A new app store, of any kind, that might make a certain critical and ethical stance on digital economic models or consumption habits, is extremely exciting because of the historical dominance that mass marketplace app stores have had the past 20 years. Pinwheel's kid's phone includes an app store that filters "parent approved" apps safe for kids. WeChat and other superapps follow the doctrine of pulling the app store into the app itself to have more control. The western versions of this haven't had huge success and we need app store alternatives.

A few days ago Nothing released their beta for Essential Apps. A community marketplace for prompt-driven app and widget development for the non-technical. I can already hear the Nothing internal Slack being pinged with notes on first wave iOS app store era "app for that", the internet's utopic history and demise, and digital agora memes with Aristotle in the background. Probably some design member mentioning a blockchain solution to share tokenised profits of apps used. And, of course, a mention of Cydia, the classic illegal iOS app store for jailbroken phones.


For the Beta, users can create widgets for the home screen that can then be shared on the Essential App store, bringing back a certain open-source mentality of sharing and iterating through community. Now, if all goes to plan, people driven to create or solve phone system problems can easily iterate through ideas, individually and collectively.
This mentality of experimentating and iteration by those that aren't necessarily versed in the technical abilities defined by certain logical systems is an exciting ethos that I try to embody for a lot of my projects. It follows as a reaction from a certain Obama-era "learn to code" mentality. We no longer need everyone needing to code, and maybe never did (software engineers are struggling for jobs), but now maybe we have enough open-source tools and AI to shape the environments and make the tools we actually want as users instead of it being dictated by those with the knowledge and power. We can look towards the permeating of certain anti-technical schools of thought like de-computing and permacomputing.

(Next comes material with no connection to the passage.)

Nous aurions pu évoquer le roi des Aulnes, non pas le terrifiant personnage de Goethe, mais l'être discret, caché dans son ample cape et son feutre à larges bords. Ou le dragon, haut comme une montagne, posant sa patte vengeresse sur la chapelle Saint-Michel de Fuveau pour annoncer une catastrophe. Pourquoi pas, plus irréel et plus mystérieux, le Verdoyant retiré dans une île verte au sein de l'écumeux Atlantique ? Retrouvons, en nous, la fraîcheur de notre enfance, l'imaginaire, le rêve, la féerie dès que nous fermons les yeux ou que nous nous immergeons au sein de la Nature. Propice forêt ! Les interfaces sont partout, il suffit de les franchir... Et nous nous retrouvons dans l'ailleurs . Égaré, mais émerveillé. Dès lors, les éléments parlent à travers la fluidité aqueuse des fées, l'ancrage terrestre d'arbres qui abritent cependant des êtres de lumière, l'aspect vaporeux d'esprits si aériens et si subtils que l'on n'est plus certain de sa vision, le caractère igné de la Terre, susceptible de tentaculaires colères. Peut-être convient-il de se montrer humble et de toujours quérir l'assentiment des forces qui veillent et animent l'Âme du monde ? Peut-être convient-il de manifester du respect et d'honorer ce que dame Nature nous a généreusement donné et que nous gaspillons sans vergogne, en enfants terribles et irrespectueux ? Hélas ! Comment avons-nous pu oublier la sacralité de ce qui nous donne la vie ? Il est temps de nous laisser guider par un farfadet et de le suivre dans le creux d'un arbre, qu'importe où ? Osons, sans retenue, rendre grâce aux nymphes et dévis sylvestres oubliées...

Nothing’s Essential Apps also draws on community-based design that can be grounding for organizing groups of people that share values around certain ways that a phone and the internet can be used. Similar to jailbroken app stores like Cydia, it creates a gateway for inspired individuals to create in spaces they're not traditionally allowed to. The value of these spaces is reflected in Apple constantly pulling features from this illegal iOS app store. This is something I'm particularly interested in following for Nothing. They are constantly focused on building community. Is it just a marketing project for free market research? Maybe, but I'm curious to see if it can be more than that. Or, what potential off-shoot communities or app-based collectives that might spur out of it.

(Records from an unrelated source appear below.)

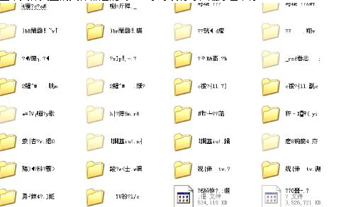 U盘文件夹名称变为类似如下情形:佞愳亠#?仠或者@$€等等不一,还不能删除,删除时提示:无法删除文件,无法读源文件或磁盘。注意看乱码文件大都特别大,甚至几十G都有。 出现这种问题的原因通常是因为不正常的插拔等情况造成的,导致U盘的文件分配表错乱了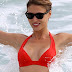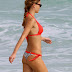 A actriz/modelo Olga Kent passeia-se na praia com um pequeno biquíni vermelho.. eu gosto é do verão..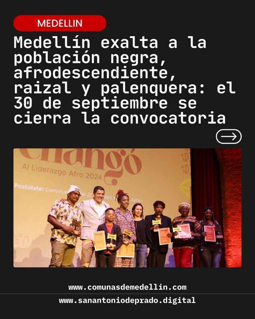 @comunasdemedellin Medellín exalta a la población negra, afrodescendiente, raizal y palenquera: el 30 de septiembre se cierra la convocatoria Como una manera de reconocer a quienes trabajan por la defensa de los derechos y la visibilidad de la identidad étnica, la Alcaldía de Medellín adelanta la convocatoria virtual para la séptima edición de los Premios Changó 2025, un homenaje a la población negra, afrodescendiente, raizal y palenquera que vive en la capital antioqueña. El llamado estará abierto hasta el 30 de septiembre. Se estima que en la ciudad viven 242.673 personas pertenecientes a estos grupos y que tienen más de 100 procesos organizativos y culturales. Este año serán seis categorías, que premiarán edades infantiles, organizaciones y colectivos, líderes o lideresas comunales, maestros o maestras, y líderes o lideresas que trabajan desde la gastronomía, así como adultos mayores que sobresalgan por su saber y experiencia. El enlace de inscripción está en el micrositio www.medellin.gov.co/es/gerencia-etnica/ Las personas que conozcan un liderazgo que merece ser visibilizado o hacen parte de un proceso que transforma a una comunidad, pueden registrarse en https://forms.cloud.microsoft/r/8i6KVfpWeA.

Some questions this is leaving me with are:
- How powerful are app stores and digital regulatory bodies in creating certain norms and ideals of what "software" can be for people? Is the App Store less a marketplace and more a grammar?

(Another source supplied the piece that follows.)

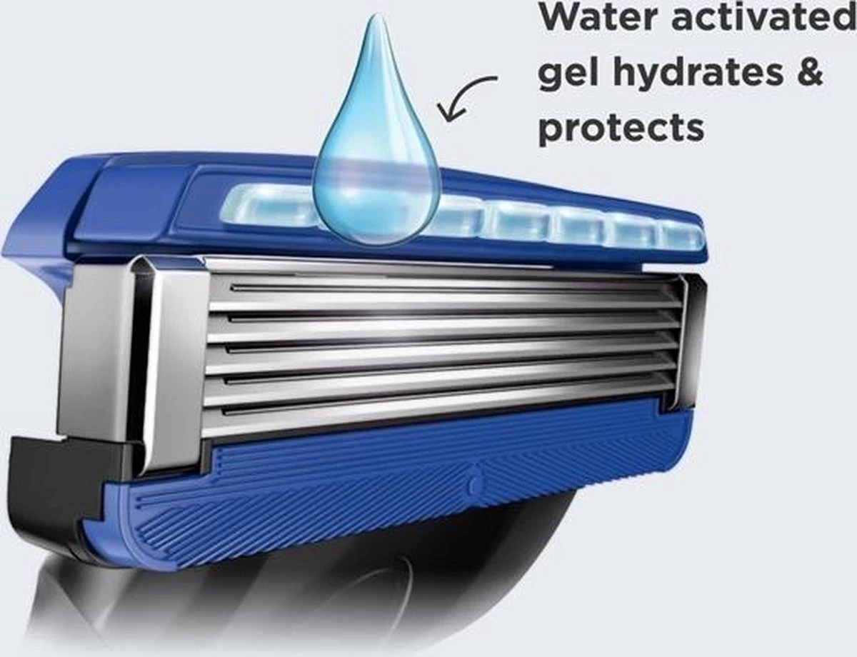 - De Hydro 5 heeft geen glijstrip als andere scheersystemen, maar een innovatief gel-reservoir**. Dit wordt door water geactiveerd en zorgt voor 40% minder wrijving**. De geavanceerde gelformule met Aloë vera en vitamine E bedekt de huid als een beschermend laagje en zorgt voor moeiteloos glijden, zelfs bij herhaalde scheerbewegingen. Bovendien wordt de huid tijdens het scheren gehydrateerd.

- Nothing's community bet is interesting, but is it a product feature or something more durable? The history of "community-driven" platforms eating themselves for growth is long (see: early Twitter, early Reddit, Geocities etc. etc.). What would it take for Essential Apps to not follow that arc? Why did this happen in history?
- What other projects have built curated app stores with an actual stance: ethical, political, aesthetic? (Pinwheel was mentioned, maybe Itch.io but that’s for games.)
- Where else can we see spaces like Cydia that are considered illegal but prompt innovation? Are there spaces like this that exist for human-centered design from a variety of perspectives or are they just a minority looking for the next best widget?
- What are more examples of giving access to tooling and space creation to non-technical folks creating more human-centred or community driven spaces? Outside of utopic ideas.